The reader may think I am overstating the perils of this new idea. However, it is easy to get a low P-value. Imagine you make all possible pairwise comparisons with 250 patients in each group but the treatment "effect" (the win ratio) is not significantly different. If you need more power to detect a smaller difference, you may add 10 more patients, five in each group, providing a few thousand additional comparisons. You may also add another outcome to have more duels with winners. The number of observations sees no physical constraint. That's how you guarantee you will fish a nice P-value misusing Win Ratio statistics. It got so complicated and detached from the empirical reality that, like in Hamlet's cloud scene, people will be convinced of anything researchers tell them.

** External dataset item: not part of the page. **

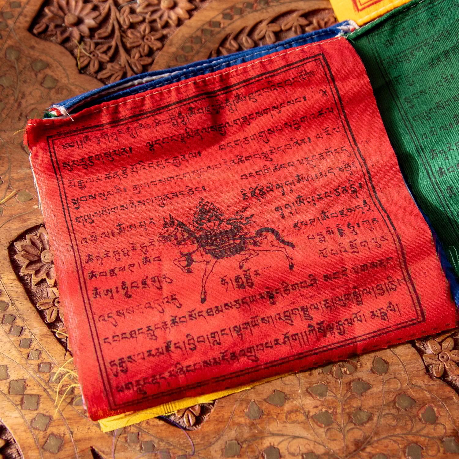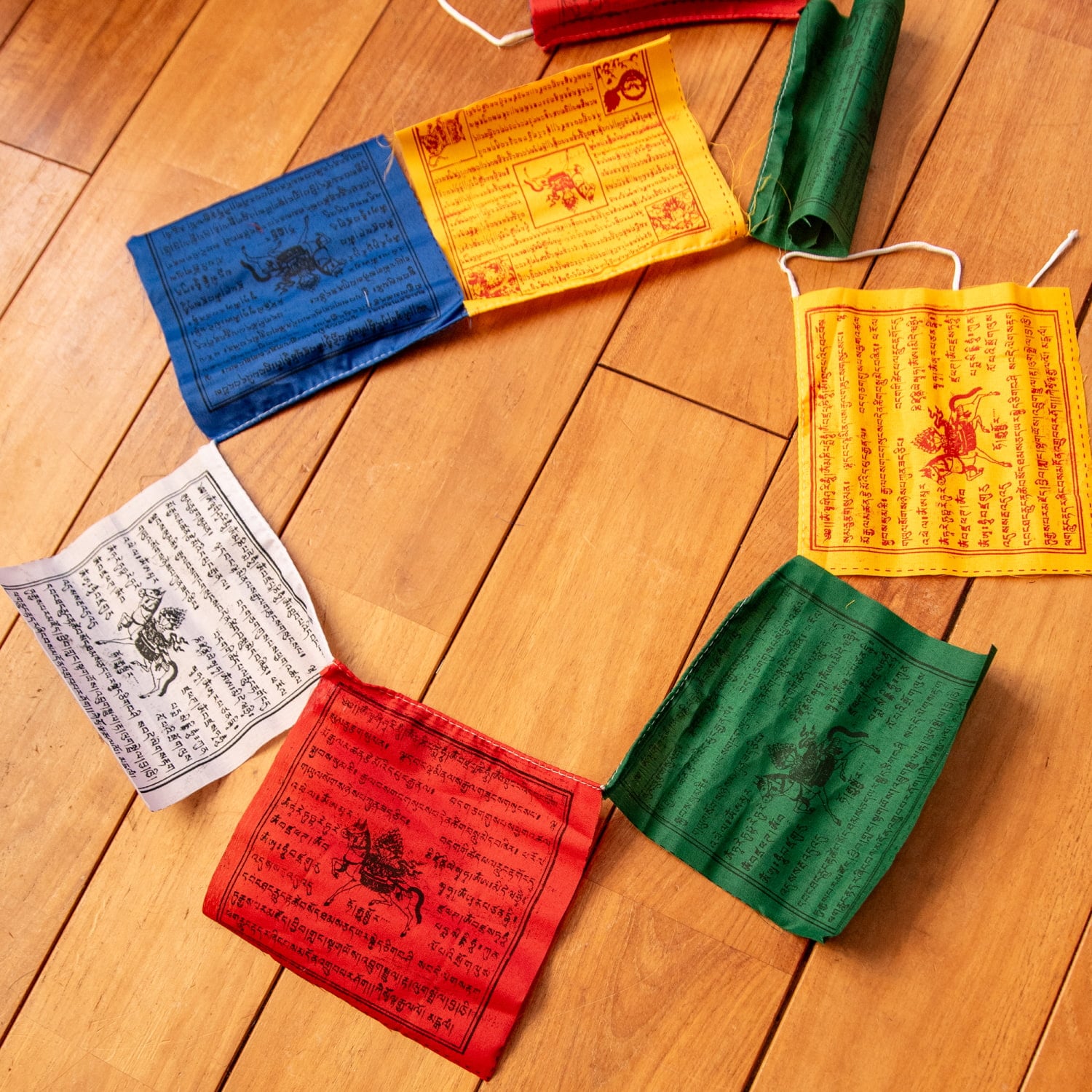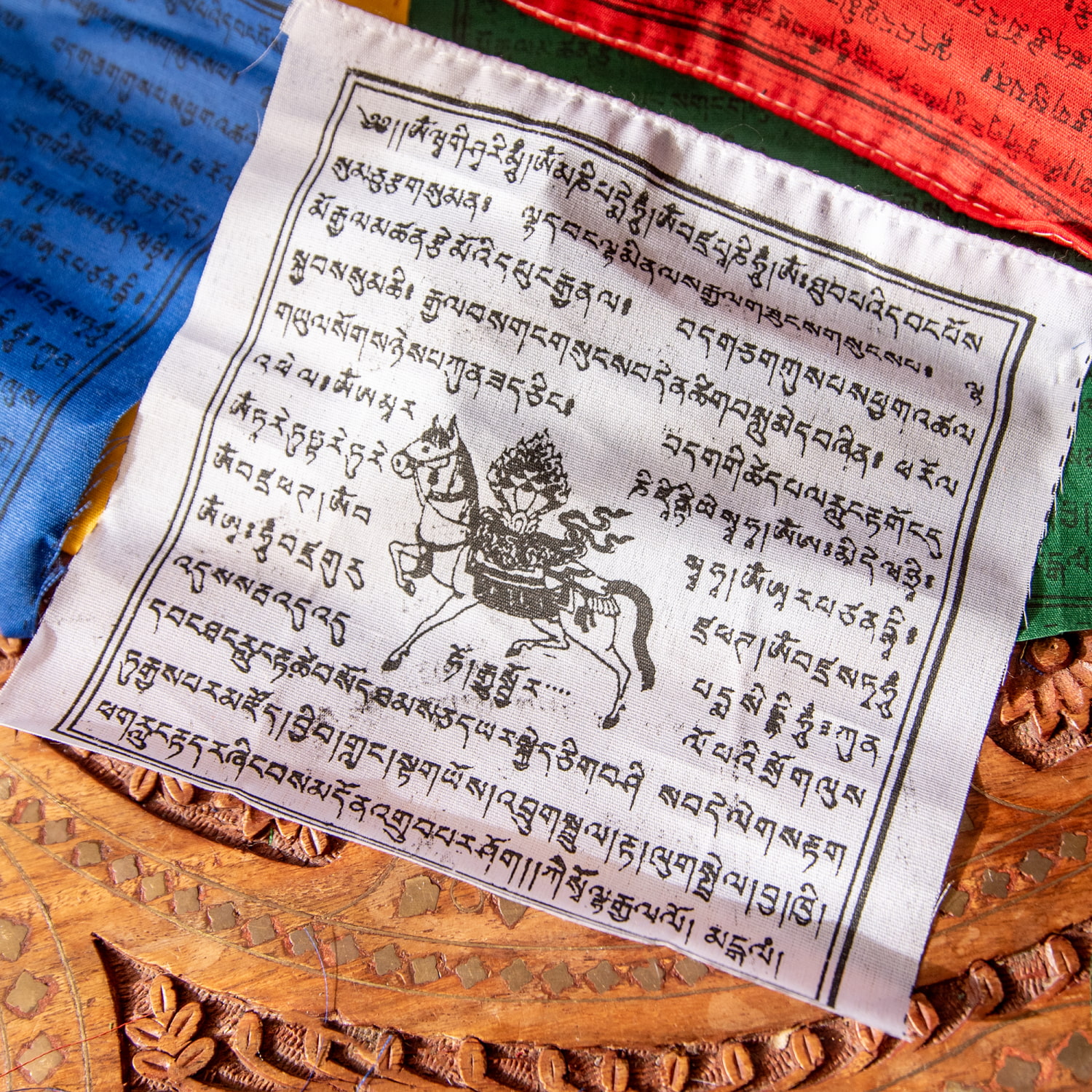 一枚一枚にチベット語の祈りの言葉、馬のプリントがしてあります。

Remember the Thoughtful Intensivist Axiom:
"The worse the hypothesis, the more complicated the statistical analysis"
Finally, it is no surprise if the DEFENDER study finds significantly more wins in the dapagliflozin arm, although irrelevant clinical effects. Whatever comes as a result, I think it is a concerning move. Instead of working on defining a sound research hypothesis, researchers will go for irrelevant yet significant, thus publishable, effects. I am appalled by the prospect that our dear specialty will pivot into studies like this. In my Substack posts, I try to sound light-hearted, mocking, provocative, etc but this case is genuinely problematic. I hope to be wrong!
That's how you spot a non-native speaker of English
Remember DEFENDER is an open-label study. Physicians in charge of deciding ICU discharge are aware of the patient allocation. The stage is set for performance bias.